Весной Белый сдает государственные экзамены: профессор не очень жалует «декадентщину»; на экзамене по сравнительной анатомии один из доцентов пытается провалить его на вопросе об эмбриологии ноздрей лягушки; другой известный профессор, знавший его с детства, отказывается подать руку автору «Симфоний». Тем не менее он кончает факультет с дипломом первой степени. Отец в восторге. «Ну, Боренька, — говорит он, — и удивил ты меня; такой эдакой прыти не ждал от тебя; ты же, в корне взять, год пробалбесничал: прошлое дело. Диплом первой степени — все-таки-с. Ясное дело: да, да-а!» Отец с ним особенно нежен; он примиряется с «декадентством» сына; даже Брюсов и Эллис ему нравятся. Он готов принять фавнов, кентавров и прочую фауну «Симфоний». Отец с сыном собираются ехать на побережье Черного моря— и внезапно, в начале июня, Николай Васильевич Бугаев умирает от грудной жабы. Убитого неожиданным горем, переутомленного экзаменами Белого отправляют на отдых в деревню.

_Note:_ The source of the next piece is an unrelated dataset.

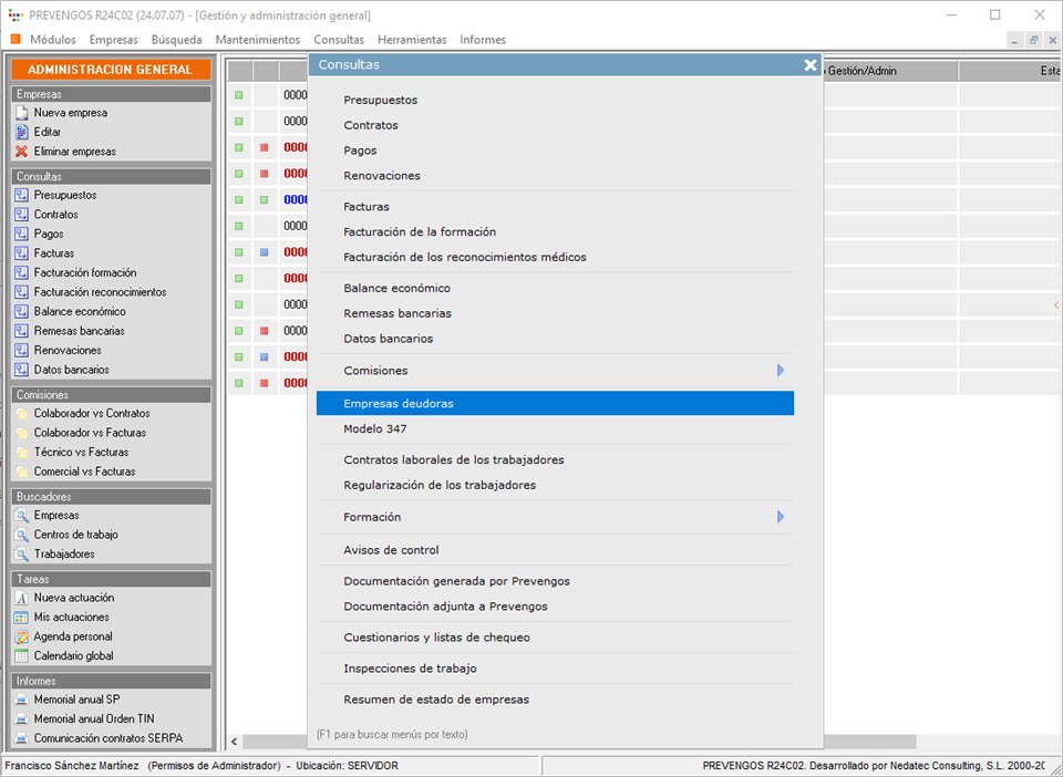 Dentro del módulo de Administración desde el menú superior Consultas > Empresas deudoras.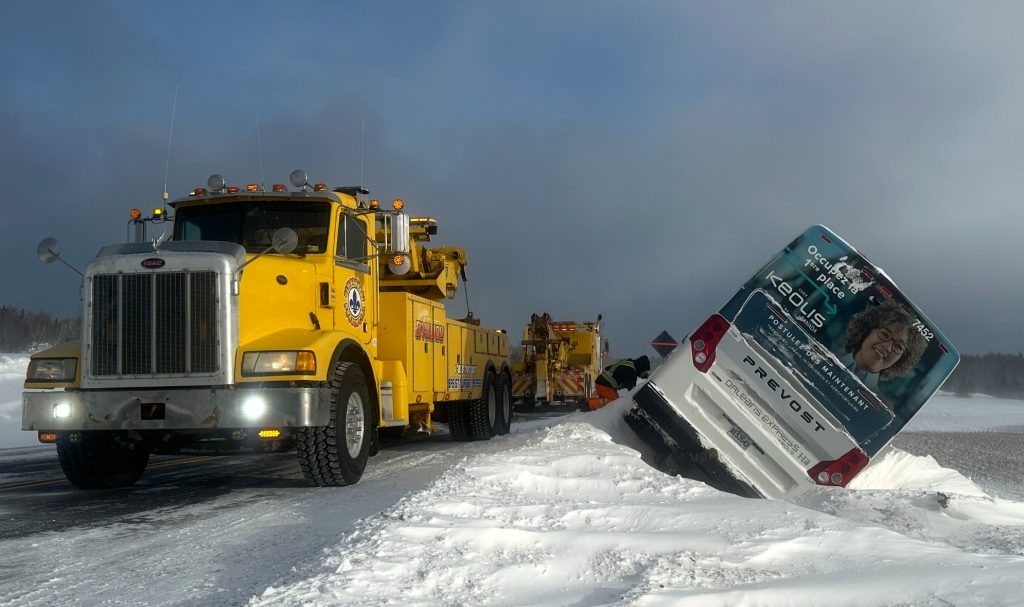 L’autobus s’est renversé doucement dans la neige molle, à un angle de près de 45 degrés.

В самый день похорон отца к нему является из Петербурга с письмом от Мережковского студент Леонид Семенов, анархист и страстный поклонник Блока. Навещает его ежедневно до его отъезда и сопровождает его в прогулках в Новодевичий монастырь. Там посещает он могилы отца, Владимира Соловьева, М. С. и О. М. Соловьевых; бродит среди сирени, лампадок, в розовом воздухе заката, вспоминает стихи Блока:
У забытых могил пробивалась трава.Мы забыли вчера. И забыли слова.И настала кругом тишина…
У Леонида Семенова судьба была необыкновенна: он выпустил сборник стихов в манере Блока; потом сделался террористом, наконец, последователем Добролюбова; ходил пешком к Толстому и погиб трагически во время гражданской войны.
В селе Серебряный колодезь Белый прожил три летних месяца: оброс бородой, бродил по полям без шапки, загорел и окреп; он говорил вслух стихами. Когда он писал «Симфонии», его уносил музыкальный поток: ритм и звук. Теперь образ начинает отделяться от напева: поэт увлекается резкими метафорами, изысканными рифмами, выразительными словечками. «Никогда позднее, — пишет он,[5] — лирическая волна так не переполняла меня». Стихи, написанные в «Серебряном колодце», составят основу книги «Золото в лазури». «Золото» — созревшие нивы, «лазурь» — воздух. Скитаясь по полям, он всматривается в небо, облака, дышит ветром, отмечает все оттенки освещения. Отсюда особенная озаренность стихов «Золото в лазури»: как барометр, они отмечают все колебания воздушных течений.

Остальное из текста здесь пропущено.